BAB III METODE PENELITIAN

A. Jenis dan Rancangan Penelitian

Penelitian ini merupakan jenis rancangan penelitian eksperimental deskriptif karena adanya perlakuan terhadap subjek uji.

B. Variabel Penelitian

1. Variabel Bebas

Variabel bebas dalam penelitian ini adalah perbandingan komposisi fase gerak metanol : akuabides + ammonium hidroksida 0,1 dan flow rate yang digunakan.

2. Variabel Tergantung

Variabel tergantung dalam penelitian ini adalah bentuk peak, retention time, resolusi dan nilai absorbansi yang dihasilkan.
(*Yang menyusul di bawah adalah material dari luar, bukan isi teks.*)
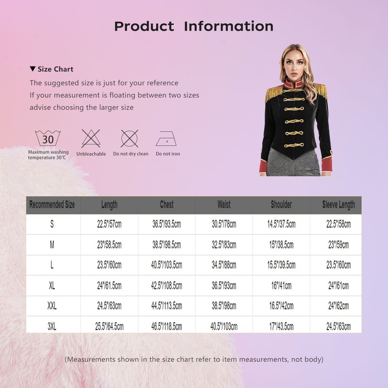 The jacket is decorated with gold braid trim, makes you more eye-catching.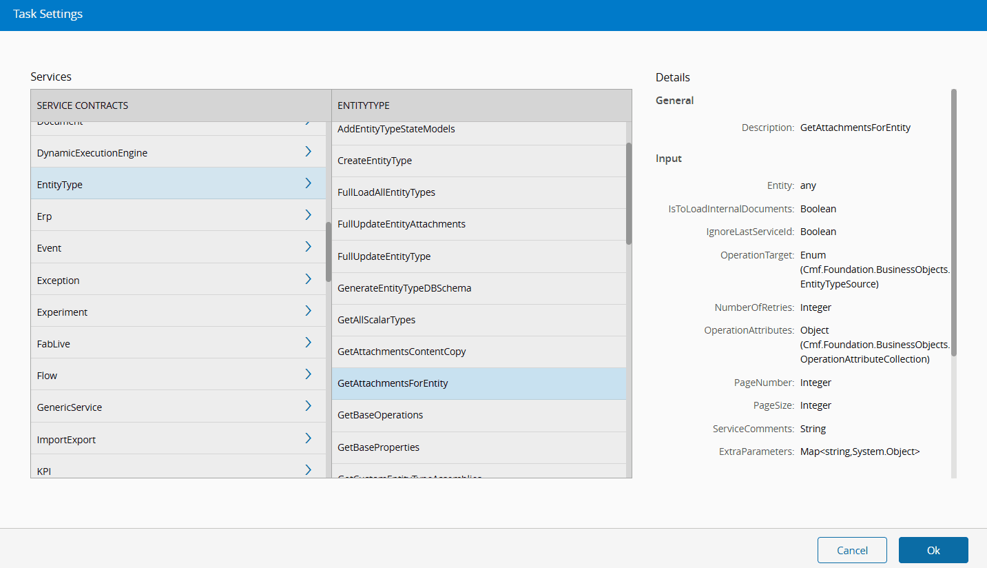 4. In the Service Call task, select the Settings button and choose the Service Contracts: EntityType > GetAttachmentsForEntity.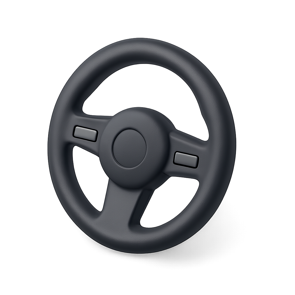 Stylish 3D Steering Wheel Icon on Transparent Background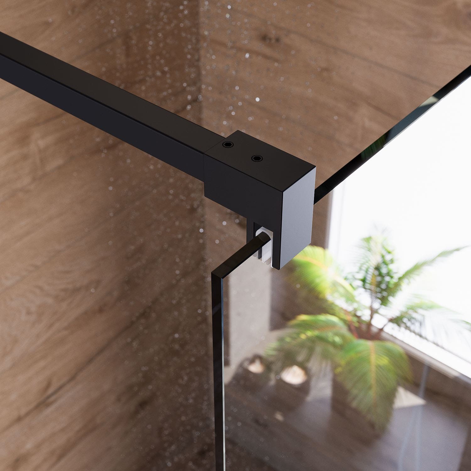 Душевая перегородка Mirsant Walk in с аксессуарами, профиль чёрный, стекло прозрачное.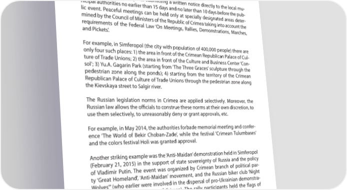 PART 4 A YEAR AFTER: MAIN VIOLATIONS OF HUMAN RIGHTS IN CRIMEA In addition, the local authorities introduce their own rules. On August 8, 2014, the State Council of the Republic of Crimea adopted the law ‘On Ensuring the Condi- tions for Exercise of the Right of Citizens of the Russian Federation to Hold Meet- ings, Rallies, Demonstrations, and Pickets in the Republic of Crimea’, considerably restricting the freedom of peaceful meetings. In particular, the law requires submitting a written notice directly to the local mu- nicipal authorities no earlier than 15 days and no later than 10 days before the pub- lic event. Peaceful meetings can be held only at specially designated areas deter- mined by the Council of Ministers of the Republic of Crimea taking into account the requirements of the Federal Law ‘On Meetings, Rallies, Demonstrations, Marches, and Pickets’. For example, in Simferopol (the city with population of 400,000 people) there are only four such places: 1) the area in front of the Crimean Republican Palace of Cul- ture of Trade Unions; 2) the area in front of the Culture and Business Center ‘Con- sol’; 3) Yu.A. Gagarin Park (starting from ‘The Three Graces’ sculpture through the pedestrian zone along the ponds); 4) starting from the territory of the Crimean Republican Palace of Culture of Trade Unions through the pedestrian zone along the Kievskaya street to Salgir river. The Russian legislation norms in Crimea are applied selectively. Moreover, the Russian law allows the o7 cials to construe these norms at their own discretion, to use them selectively, to unreasonably deny or grant approvals, etc. For example, in May 2014, the authorities forbade memorial meeting and confer- ence ‘The World of Bekir Choban-Zade’, while the festival ‘Crimean Tulumbases’ and the colors festival Holi was granted approval. Another striking example was the ‘Anti-Maidan’ demonstration held in Simferopol (February 21, 2015) in the support of state sovereignty of Russia and the policy of Vladimir Putin. The event was organized by Crimean branch of political par- ty ‘Great Homeland’, ‘Anti-Maidan’ movement, and the Russian biker club ‘Night Wolves’” (who earlier were involved in the dispersal of pro-Ukrainian demonstra- tions on the southern coast of Crimea). The rally participants held the U ags of Russia, Donetsk and Lugansk People’s Republics, as well as banners with slogans ‘No Maidan in Russia’, ‘Stop R fth column in the Central Bank’, ‘Our land, our rules’, and chanted ‘Russia’. The event was held in the center of Simferopol at the corner of Karl Marx and Pushkin streets. Moreover, the Crimean authorities allowed the organizers to drive cars and motorcycles on the territory of the pedestrian area. 110

3. Variabel Pengacau Terkendali

Variabel pengacau terkendali dalam penelitian ini adalah: a. Kemurnian pelarut, digunakan pelarut pro analysis dengan kemurnian yang tinggi. b. Alat yang digunakan dikendalikan dengan cara mengukur validitas metode yang digunakan berupa nilai linearitas dan sensitivitas spektrofotometri UV dan presisi, linearitas dan sensitivitas KCKT.